Ce que nous dit ici Novalis est que l'égoïsme, dont on pouvait penser qu'il était la seule grandeur qui se prête à la mesure, au calcul, à la prévision et à la gestion rationnelle, est en réalité par essence sans mesure, sans limites et sans règles. Un système politique construit uniquement sur lui ne peut procurer à ses adhérents que les avantages éphémères du joueur qui profite momentanément de la faiblesse ou de l'ignorance des autres ; aucun bonheur durable ne peut résulter de la confrontation entre des joueurs qui, pour avoir été trompés, ont appris eux-mêmes à tromper ou entre des joueurs malhonnêtes et un Etat également malhonnête (...). Je ne crois pas qu'il y ait grand-chose à changer à ces phrases pour obtenir une description exacte de la situation actuelle et une formulation adéquate de ce qui constitue aujourd'hui le problème principal. Tout le monde se rend compte plus ou moins aujourd'hui, y compris, bien entendu, les entrepreneurs et leurs marchands,

- et notre bien-aimé et schizophrène président,

qu'on ne peut pas construire uniquement sur l'égoïsme, le calcul et la ruse et qu'il faudrait un correctif altruiste, qui ne peut pas être laissé, comme il l'est aujourd'hui pour l'essentiel, exclusivement à la bonne volonté, à la générosité et à la moralité individuelles. Mais personne n'est en mesure de dire pour l'instant quel est le type d'organisation sociale et politique qui pourrait lui permettre de se concrétiser et de s'exprimer un peu plus efficacement.

- citons de nouveau Chateaubriand : « C'est précisément le devoir qui est un fait, et l'intérêt une fiction. », et continuons :

C'est le problème que Musil a évoqué à la fin de sa vie, lorsqu'il s'est demandé si ce qu'il appelle le « désordre de la démocratie », considéré d'après l'exemple américain, était réellement capable d'engendrer un ordre et, qui plus est, un ordre humain. La réponse qu'il suggère est que l'égoïsme individuel qui a engendré les systèmes qui reposent sur la démocratie en politique et la loi du marché en économie, peut produire le mouvement et le progrès, mais non l'ordre lui-même, qui doit faire appel à des dispositions d'un autre type dans l'individu. Ce qu'engendrent l'égoïsme et les pulsions égoïstes en général n'est pas l'ordre, mais la combinaison du progrès et du chaos social. Il y a dans cette constatation quelque chose que l'on pourrait considérer comme tout à fait prémonitoire. Car la combinaison du progrès avec le chaos social semble être, de plus en plus, celle dans laquelle nous sommes condamnés à vivre aujourd'hui. « Si le progrès est fondé égoïstement, écrit Musil, le petit peu [!] d'ordre l'est par la puissance relativement non égoïste, désintéressée, inappétitive (avec organes appétitifs). » Mais la difficulté provient justement du fait que cette puissance non égoïste n'a jamais réussi à se doter d'organes qui aient une efficience comparable de près ou de loin celle des dispositifs qui ont assuré le succès si remarquable de sa rivale égoïste.

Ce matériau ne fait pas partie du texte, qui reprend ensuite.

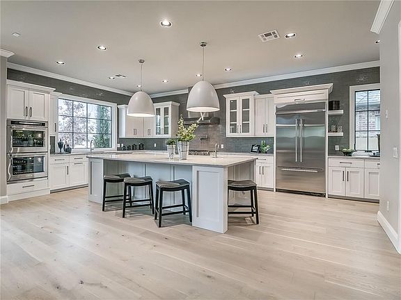 Stunning new home with the finest craftsmanship and appointments throughout. The floorpan has a very open concept with soaring ceilings and tons of windows to let the sunshine in! Beautiful site built cabinetry, huge center island, wine room, dual thermostat wine refrigerator, high end commercial grade appliance package and quartz countertops. The master suite is spacious with cathedral ceiling and separate his and her baths with heated flooring and oversized closets. Her side has a large soaking tub, make up vanity, and elegant fixtures. His has more masculine details and a huge walk in shower that join the two spaces. The secondary guest room is nice size with a fabulous bath and walk in closet. The flex room is ideal for an office or guest room. The outdoor living with fireplace is just the right size for entertaining and flows nicely from the living and kitchen area. Located in the maintenance free area of Fairview Farm The Abbey. (safe room in master closet)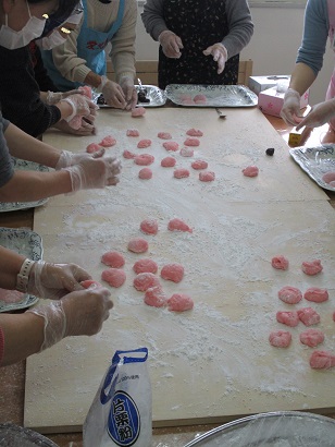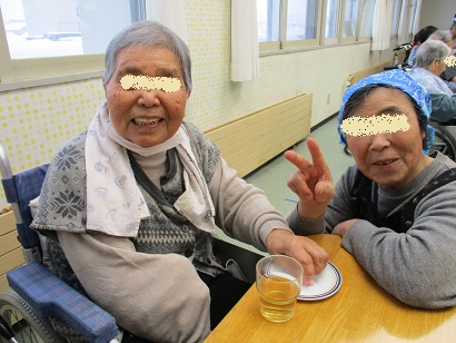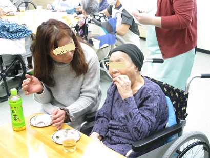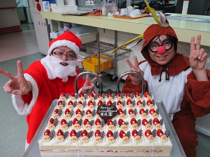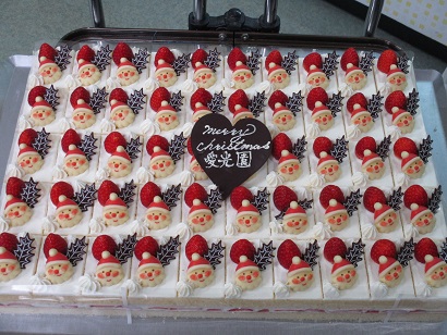 ケーキとプリン、シャンメリーとぶどうジュースは、利用者さまのご家族さまである後援会からのプレゼントです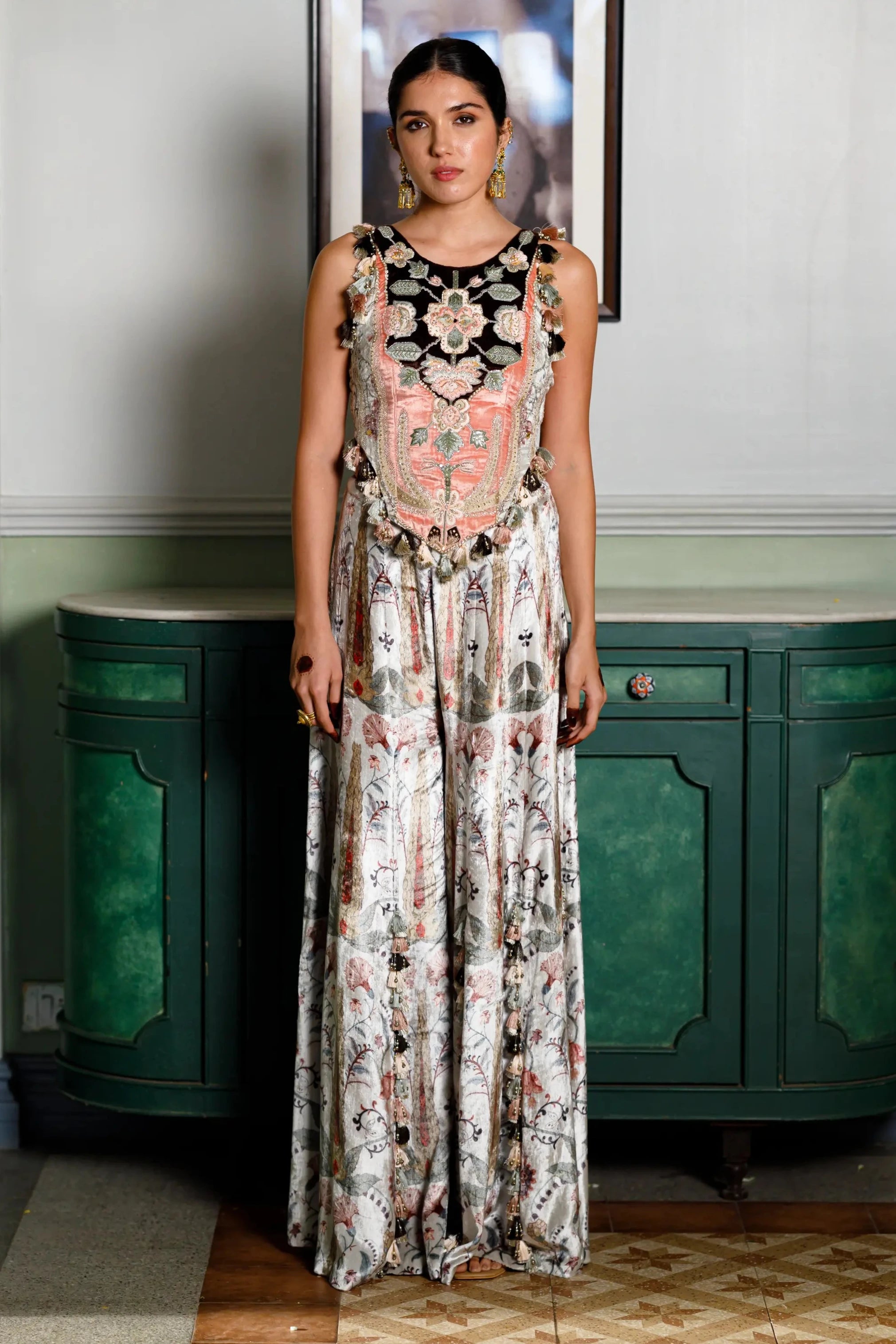 The Kainat Ochre Forest Whisper Printed Embroidered Back Tie-Up Choli paired with a flowing sharara creates a striking and modern ensemble. The embroidered back tie-up choli features intricate detailing, while the ochre forest whisper print adds a bold, earthy charm. Perfect for weddings, festivals, or special occasions, this set blends contemporary design with traditional craftsmanship for a unique, stylish look.

- c'est vrai et c'est faux : l'exemple des Trobriand montre qu'il est possible de faire jouer des composantes égoïstes dans le sens de la collectivité (et du cérémonial) : plus je donne, plus je suis grandi aux yeux des autres, et ainsi de suite. Mais nous ne sommes pas alors dans le monde des besoins ni des individus, et il se peut que la notion même d'égoïsme ne soit pas tout à fait pertinente, ceci dit sans idéaliser quiconque.

Ce pourquoi la notion de « correctif altruiste » est ambiguë : il se peut qu'à partir du moment où l'égoïsme individuel a été séparé d'autres composantes, il ne soit plus possible du tout de le « corriger ». C'est le schéma de la boîte de Pandore, de la digue abattue, ou, pourquoi pas, ce que l'on peut appeler le mécanisme de l'activation d'un gène : tel gène (du suicide, de la pédophilie, pour rester dans le contexte sarkozyste) est présent dans une grande majorité des individus et inactif, à la suite de certaines circonstances il est activé chez untel, il devient alors très difficile audit untel, voire impossible, d'échapper à son action. Adam Smith le moraliste a activé celui de l'égoïsme.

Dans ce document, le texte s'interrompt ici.